**YOUR OBJECTIVE**
Below are entries with pictures in them. Output exactly the lines starting at the line with "- In HTML as" and ending at the line with "- Temperatur efter", both included, but not the pictures.

**DATA PROVIDED**
═══

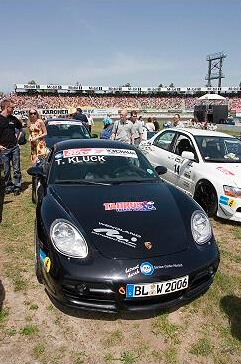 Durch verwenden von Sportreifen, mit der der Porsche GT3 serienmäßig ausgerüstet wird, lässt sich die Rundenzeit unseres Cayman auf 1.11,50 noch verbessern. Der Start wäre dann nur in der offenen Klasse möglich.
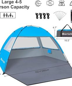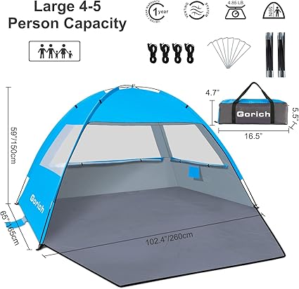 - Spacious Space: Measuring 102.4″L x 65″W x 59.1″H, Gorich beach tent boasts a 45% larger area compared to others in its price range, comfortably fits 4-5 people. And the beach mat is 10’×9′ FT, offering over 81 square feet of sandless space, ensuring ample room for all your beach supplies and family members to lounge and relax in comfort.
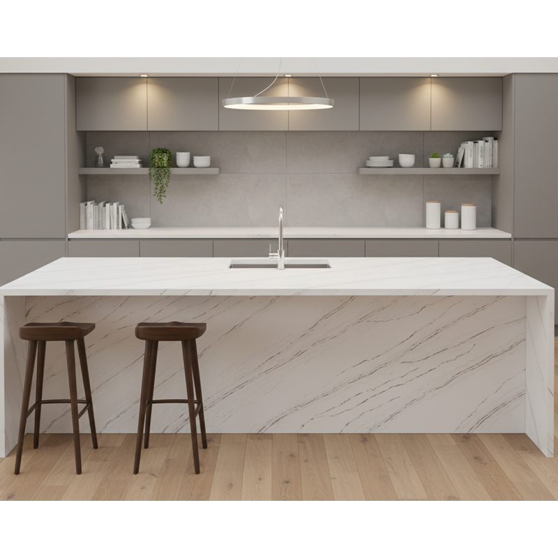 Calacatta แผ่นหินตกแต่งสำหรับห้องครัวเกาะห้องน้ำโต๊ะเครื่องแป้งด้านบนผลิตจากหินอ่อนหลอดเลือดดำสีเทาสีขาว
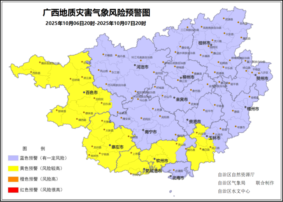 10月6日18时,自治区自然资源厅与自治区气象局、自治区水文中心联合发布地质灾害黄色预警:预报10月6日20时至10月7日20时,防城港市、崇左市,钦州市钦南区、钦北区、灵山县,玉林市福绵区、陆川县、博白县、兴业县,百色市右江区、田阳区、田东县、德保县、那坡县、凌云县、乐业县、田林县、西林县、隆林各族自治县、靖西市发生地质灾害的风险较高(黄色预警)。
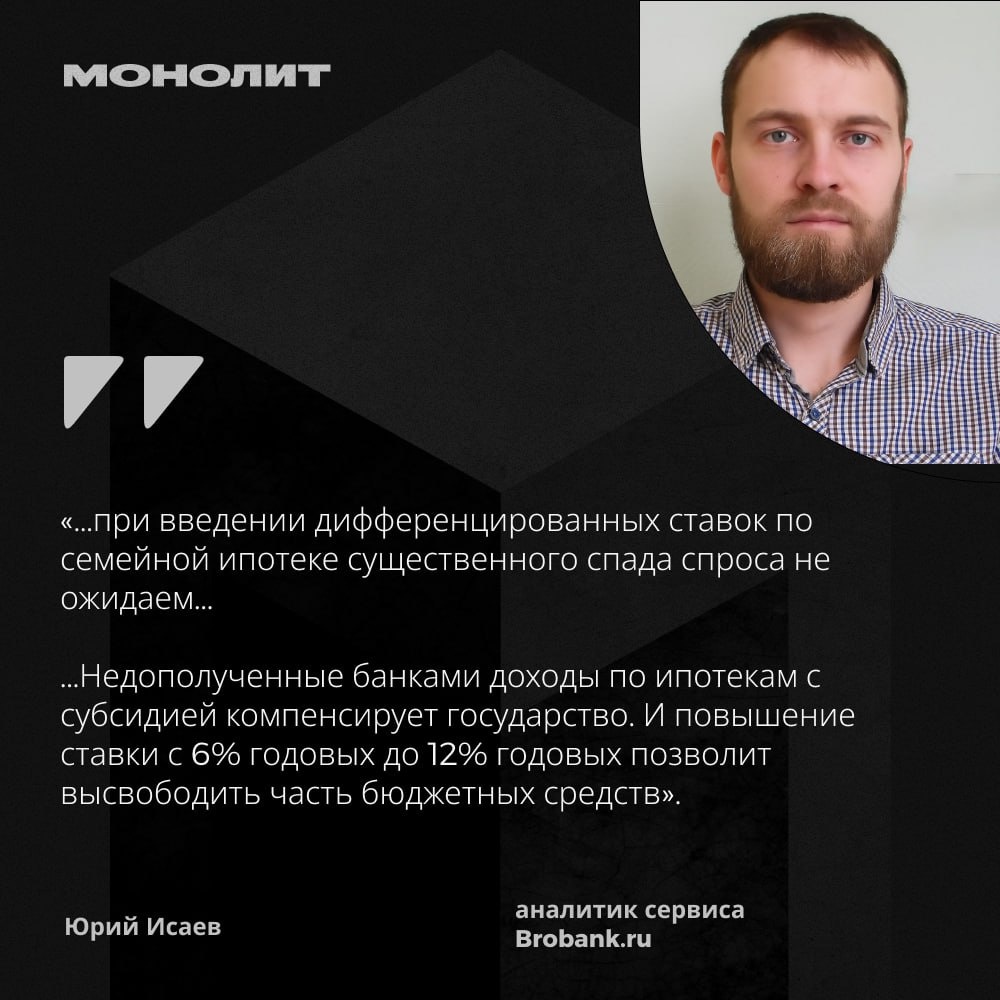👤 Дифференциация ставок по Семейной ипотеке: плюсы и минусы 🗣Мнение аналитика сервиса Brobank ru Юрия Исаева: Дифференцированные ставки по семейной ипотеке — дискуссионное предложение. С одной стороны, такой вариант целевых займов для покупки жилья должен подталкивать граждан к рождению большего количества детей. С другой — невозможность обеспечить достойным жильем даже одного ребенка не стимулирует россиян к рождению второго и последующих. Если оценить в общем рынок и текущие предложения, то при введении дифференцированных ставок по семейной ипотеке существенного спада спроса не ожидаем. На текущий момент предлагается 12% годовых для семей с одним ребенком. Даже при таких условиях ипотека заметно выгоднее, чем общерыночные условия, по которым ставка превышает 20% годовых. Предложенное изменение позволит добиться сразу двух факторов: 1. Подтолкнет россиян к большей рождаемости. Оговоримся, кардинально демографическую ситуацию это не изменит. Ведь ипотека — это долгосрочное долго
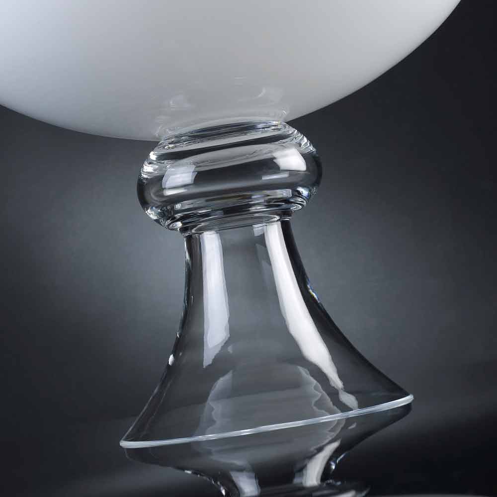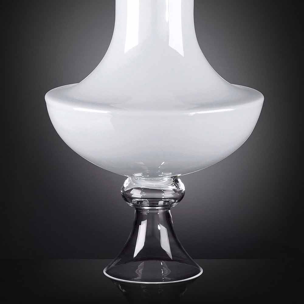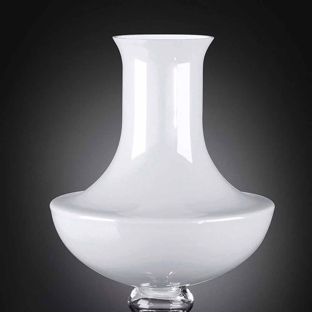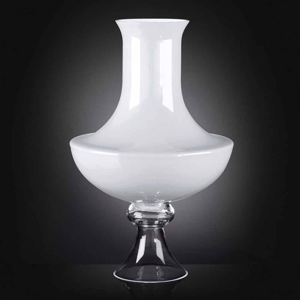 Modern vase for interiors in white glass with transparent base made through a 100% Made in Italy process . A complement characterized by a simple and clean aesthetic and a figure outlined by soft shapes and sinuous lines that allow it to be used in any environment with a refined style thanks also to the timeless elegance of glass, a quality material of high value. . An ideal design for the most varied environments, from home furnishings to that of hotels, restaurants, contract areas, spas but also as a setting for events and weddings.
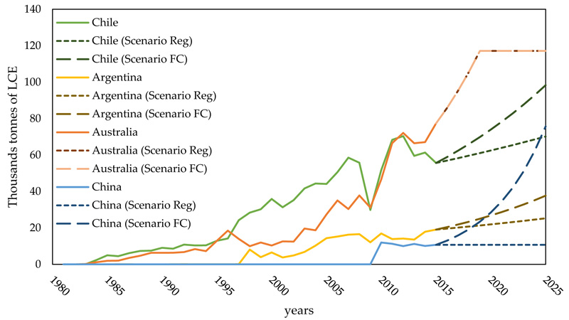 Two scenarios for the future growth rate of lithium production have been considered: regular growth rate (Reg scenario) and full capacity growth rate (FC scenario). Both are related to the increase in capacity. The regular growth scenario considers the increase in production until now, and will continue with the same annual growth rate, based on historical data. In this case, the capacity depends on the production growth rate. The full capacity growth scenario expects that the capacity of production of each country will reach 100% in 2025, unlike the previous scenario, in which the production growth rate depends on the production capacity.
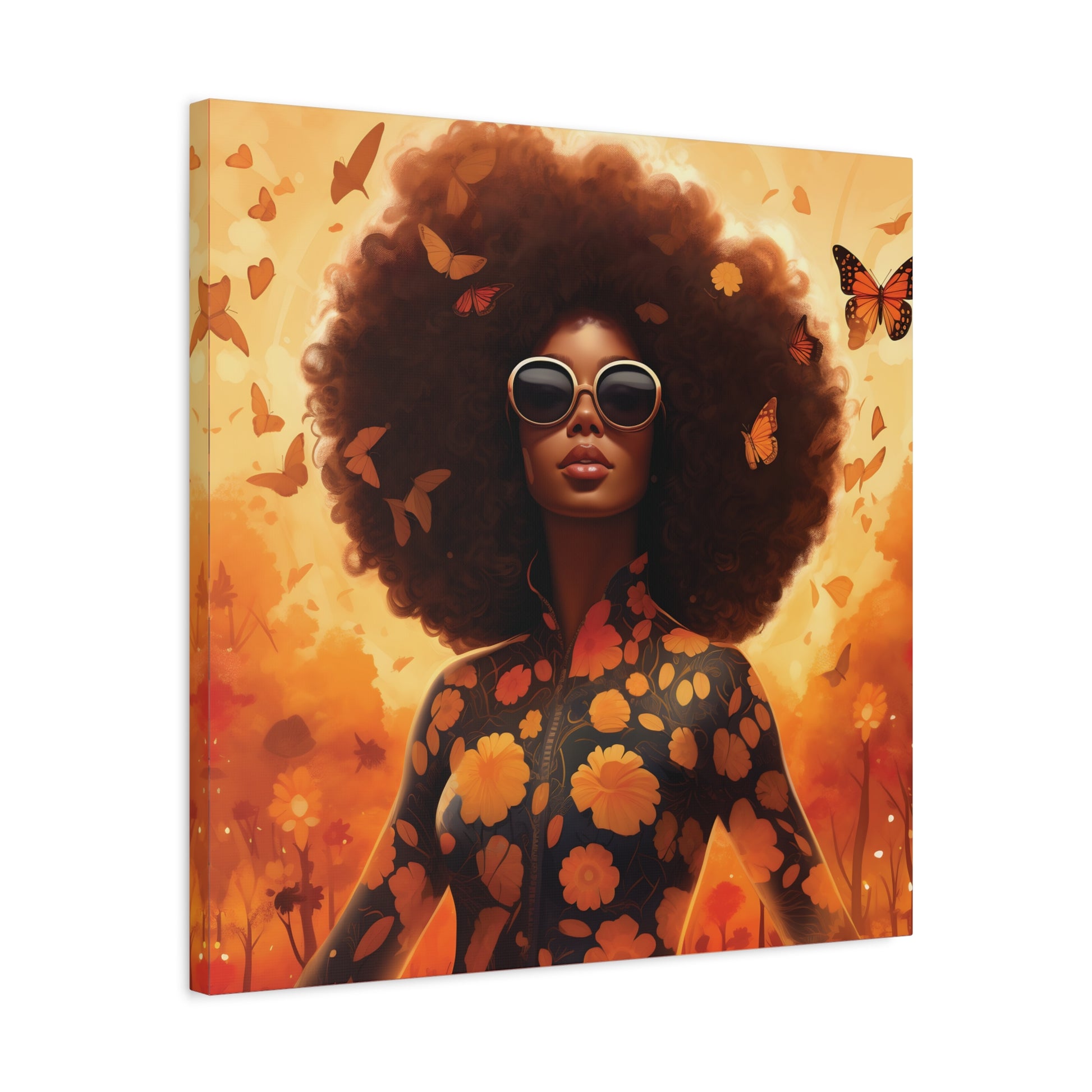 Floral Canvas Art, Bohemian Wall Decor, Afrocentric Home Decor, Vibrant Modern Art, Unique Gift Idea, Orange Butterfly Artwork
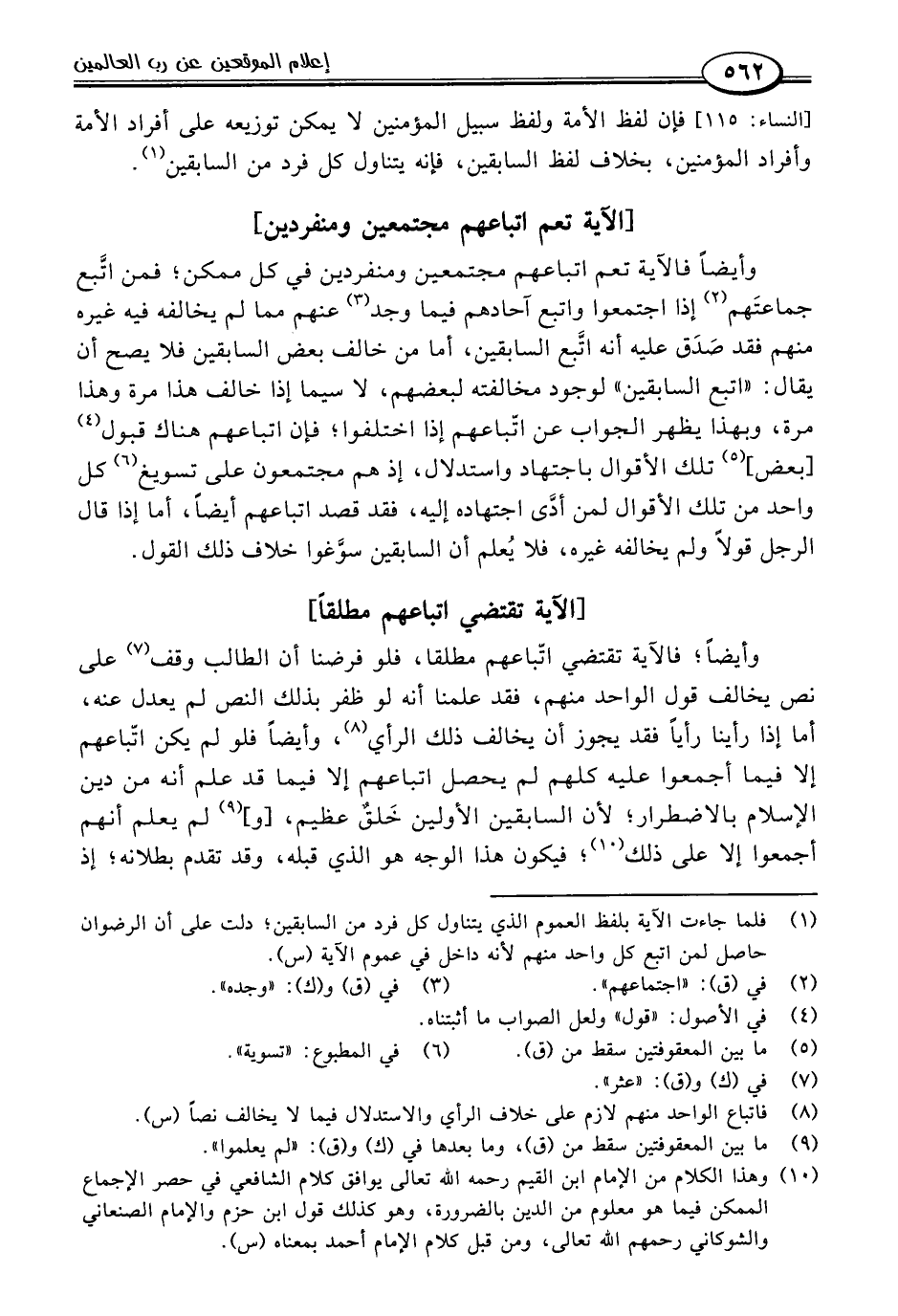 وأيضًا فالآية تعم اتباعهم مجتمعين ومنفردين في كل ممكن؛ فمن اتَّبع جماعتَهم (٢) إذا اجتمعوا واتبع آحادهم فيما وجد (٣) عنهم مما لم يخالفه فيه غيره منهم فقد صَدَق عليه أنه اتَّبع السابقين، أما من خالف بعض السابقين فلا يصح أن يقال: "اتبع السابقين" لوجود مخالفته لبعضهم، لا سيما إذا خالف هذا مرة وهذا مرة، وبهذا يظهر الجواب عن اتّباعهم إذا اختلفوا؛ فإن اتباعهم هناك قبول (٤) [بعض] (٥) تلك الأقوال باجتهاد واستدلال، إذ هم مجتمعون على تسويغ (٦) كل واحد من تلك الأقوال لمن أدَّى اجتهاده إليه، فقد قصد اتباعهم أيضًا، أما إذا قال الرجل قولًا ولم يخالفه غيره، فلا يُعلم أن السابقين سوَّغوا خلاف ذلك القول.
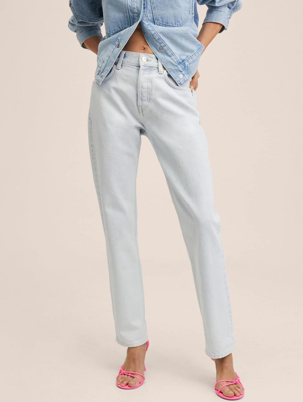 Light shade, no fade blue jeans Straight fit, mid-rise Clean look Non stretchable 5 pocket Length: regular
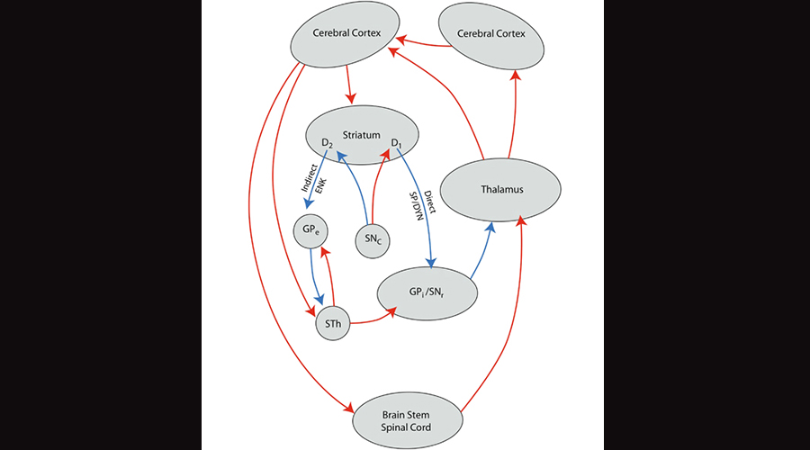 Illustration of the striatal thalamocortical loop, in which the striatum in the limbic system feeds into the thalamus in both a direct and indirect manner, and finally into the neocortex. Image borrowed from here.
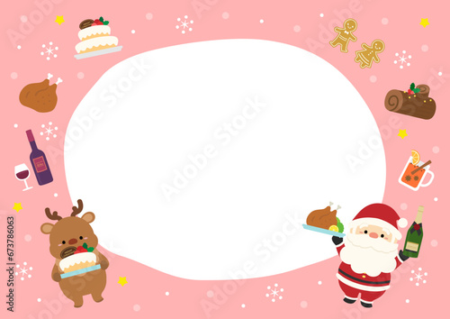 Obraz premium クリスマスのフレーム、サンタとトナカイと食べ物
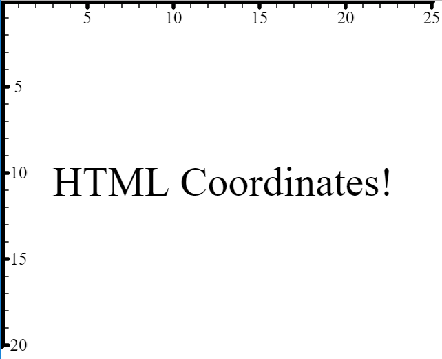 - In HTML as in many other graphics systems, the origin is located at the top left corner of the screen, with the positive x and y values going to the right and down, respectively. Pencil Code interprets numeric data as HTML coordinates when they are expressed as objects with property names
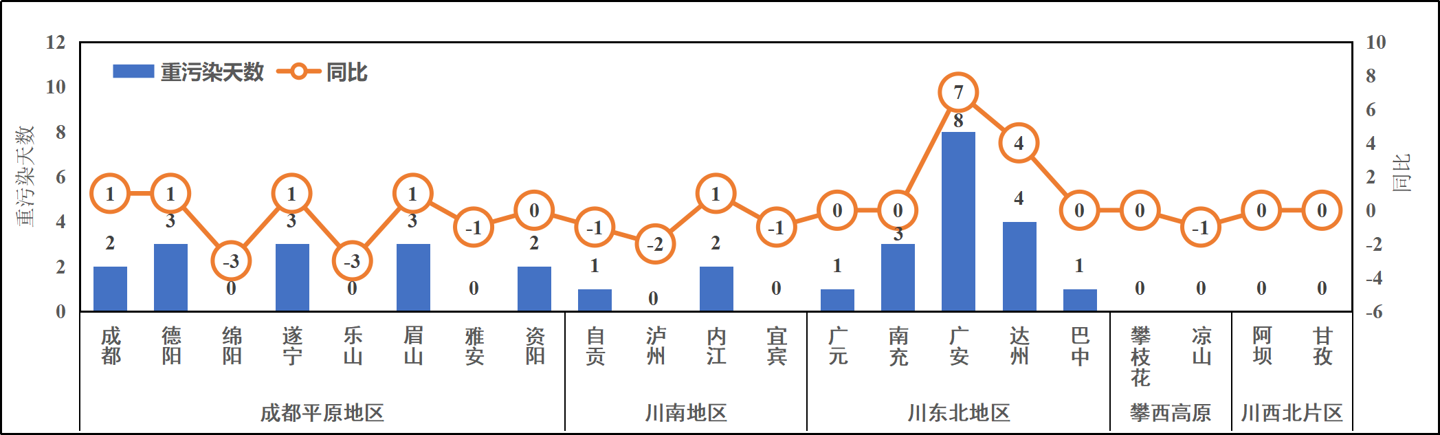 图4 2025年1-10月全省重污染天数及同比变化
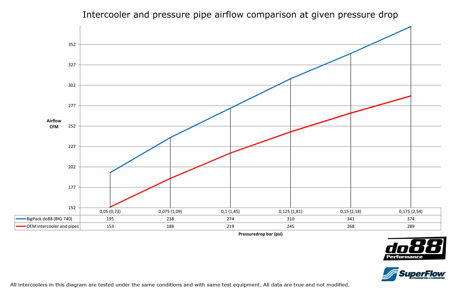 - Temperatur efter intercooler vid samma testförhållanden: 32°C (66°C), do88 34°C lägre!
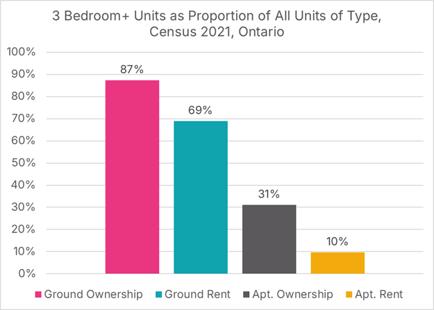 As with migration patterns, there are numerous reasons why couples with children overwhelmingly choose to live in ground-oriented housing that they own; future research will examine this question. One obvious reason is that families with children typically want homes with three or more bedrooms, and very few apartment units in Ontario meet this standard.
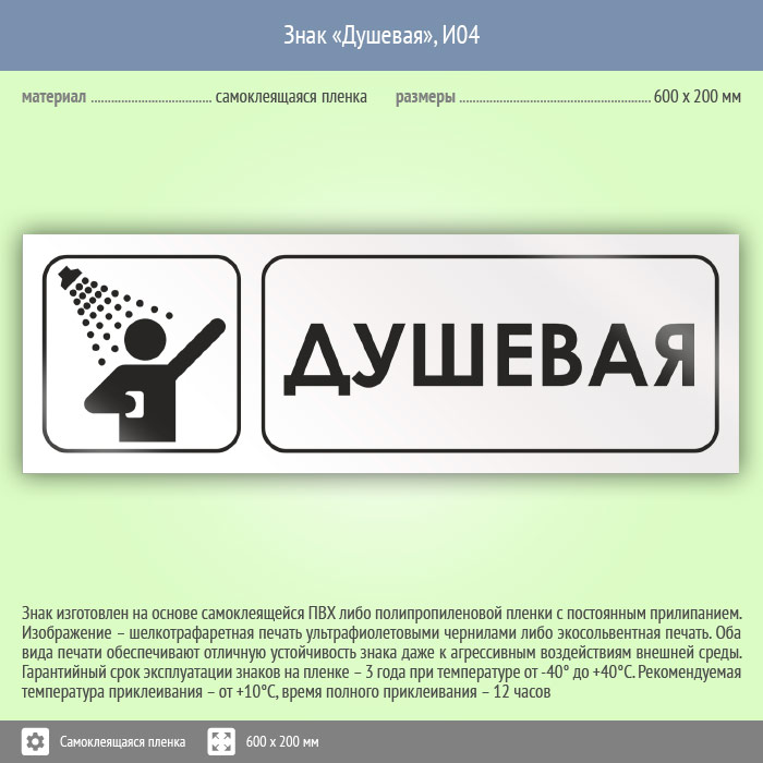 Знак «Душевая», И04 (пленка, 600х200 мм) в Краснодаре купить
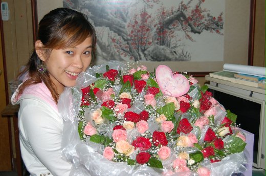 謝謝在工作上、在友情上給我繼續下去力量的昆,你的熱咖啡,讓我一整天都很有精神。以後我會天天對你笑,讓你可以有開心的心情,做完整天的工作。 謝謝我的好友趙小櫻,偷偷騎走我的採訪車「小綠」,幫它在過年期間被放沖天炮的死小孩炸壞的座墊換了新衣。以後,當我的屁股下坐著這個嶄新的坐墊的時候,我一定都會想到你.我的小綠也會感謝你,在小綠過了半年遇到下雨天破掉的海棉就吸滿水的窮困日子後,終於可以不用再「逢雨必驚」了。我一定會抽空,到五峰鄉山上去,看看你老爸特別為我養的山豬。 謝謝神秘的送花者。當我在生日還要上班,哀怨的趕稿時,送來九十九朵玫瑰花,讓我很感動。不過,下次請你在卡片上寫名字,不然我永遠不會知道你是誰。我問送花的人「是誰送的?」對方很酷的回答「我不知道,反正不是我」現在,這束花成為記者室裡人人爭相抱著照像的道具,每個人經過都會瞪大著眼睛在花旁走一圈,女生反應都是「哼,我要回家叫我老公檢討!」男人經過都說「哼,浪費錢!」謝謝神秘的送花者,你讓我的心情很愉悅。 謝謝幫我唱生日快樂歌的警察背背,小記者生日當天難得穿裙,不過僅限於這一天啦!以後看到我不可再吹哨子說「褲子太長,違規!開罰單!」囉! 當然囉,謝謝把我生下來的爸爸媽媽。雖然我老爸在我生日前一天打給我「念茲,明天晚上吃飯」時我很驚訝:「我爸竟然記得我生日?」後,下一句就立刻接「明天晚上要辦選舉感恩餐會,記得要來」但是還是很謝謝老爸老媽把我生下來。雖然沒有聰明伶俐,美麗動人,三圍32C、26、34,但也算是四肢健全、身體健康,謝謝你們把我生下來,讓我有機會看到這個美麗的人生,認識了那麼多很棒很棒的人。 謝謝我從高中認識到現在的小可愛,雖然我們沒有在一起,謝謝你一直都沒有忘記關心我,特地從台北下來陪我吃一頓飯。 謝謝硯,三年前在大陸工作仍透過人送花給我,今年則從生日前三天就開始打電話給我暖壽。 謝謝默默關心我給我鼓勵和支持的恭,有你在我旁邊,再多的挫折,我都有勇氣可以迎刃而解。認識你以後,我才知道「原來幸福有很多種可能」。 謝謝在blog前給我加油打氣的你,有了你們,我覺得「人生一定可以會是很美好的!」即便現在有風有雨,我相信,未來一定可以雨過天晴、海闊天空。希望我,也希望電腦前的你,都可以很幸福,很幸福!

═══

**RESULT**
 - In HTML as in many other graphics systems, the origin is located at the top left corner of the screen, with the positive x and y values going to the right and down, respectively. Pencil Code interprets numeric data as HTML coordinates when they are expressed as objects with property names
 图4 2025年1-10月全省重污染天数及同比变化
 - Temperatur efter intercooler vid samma testförhållanden: 32°C (66°C), do88 34°C lägre!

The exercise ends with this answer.